Approximate analysis and condition assesment of reinforced concrete T-beam bridges using artificial neural networks

Thesis Type: Postgraduate

Institution Of The Thesis: Orta Doğu Teknik Üniversitesi, Faculty of Engineering, Department of Civil Engineering, Turkey

Approval Date: 2008




In recent years, artificial neural networks (ANNs) have been employed for estimation and prediction purposes in many areas of civil/structural engineering. In this thesis, multilayered feedforward backpropagation algorithm is used for the approximate analysis and calibration of RC T-beam bridges and modeling of bridge ratings of these bridges. Currently bridges are analyzed using a standard FEM program. However, when a large population of bridges is concerned, such as the one considered in this project (Pennsylvania T-beam bridge population), it is impractical to carry out FEM analysis of all bridges in the population due to the fact that development and analysis of every single bridge requires considerable time as well as effort. Rapid and acceptably approximate analysis of bridges seems to be possible using ANN approach.
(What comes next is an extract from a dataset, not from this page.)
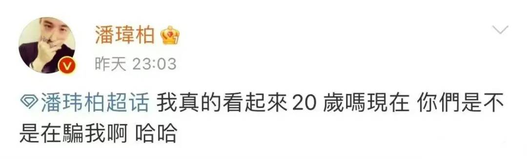 44岁的潘玮柏随后在个人社交账号发文回应:“我真的看起来20岁吗现在,你们是不是在骗我啊,哈哈。”
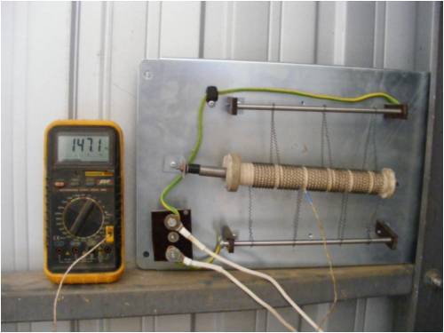 G'day Jimmy, The dumpload is basically a 240 volt mains water heater element and I unwound the nichrome wire from the former. The 2 bars are bussbars and by simply winding a few turns on each bussbar I checked the ohm's with my fluke 865 dmm, with each pass over the ohm's go down acoording to ohm's law and I was aiming for 1 ohm but ended up with about 1.5 ohms which is good enough to cover my RE input. The backing plate is a sheet of 3mm ali and the connecter on the lower left is bakealite so it gave good isolation between the bolts. For your system to dump 60 amps @ 24 volts you should aim for 0.4-0.56 ohms. For a dumpload this is a real easy one to make but ensure both bussbars are isolated and the wiring can be easily seen in the photo's above. Have fun making one but do remember to check that everything is in order and ISOLATED or murphy will pop his head up and let the sparks fly. Just remember 24 volts @ 60 amps is 1.4 Kw so be carefull in every aspect. Cheers Bryan |

First part of the study describes the application of neural network (NN) systems in developing the relationships between bridge parameters and bridge responses. The NN models are trained using some training data that are obtainedfrom finite-element analyses and that contain bridge parameters as inputs and critical responses as outputs. In the second part, ANN systems are used for the calibration of the finite element model of a typical RC T-beam bridge -the Manoa Road Bridge from the Pennsylvania’s T-beam bridge population - based on field test data. Manual calibration of these models are extremely time consuming and laborious. Therefore, a neural network- based method is developed for easy and practical calibration of these models. The ANN model is trained using some training data that are obtained from finite-element analyses and that contain modal and displacement parameters as inputs and structural parameters as outputs. After the training is completed, fieldmeasured data set is fed into the trained ANN model. Then, FE model is updated with the predicted structural parameters from the ANN model. In the final part, Neural Networks (NNs) are used to model the bridge ratings of RC T-beam bridges based on bridge parameters. Bridge load ratings are calculated more accurately by taking into account the actual geometry and detailing of the T-beam bridges. Then, ANN solution is developed to easily compute bridge load ratings.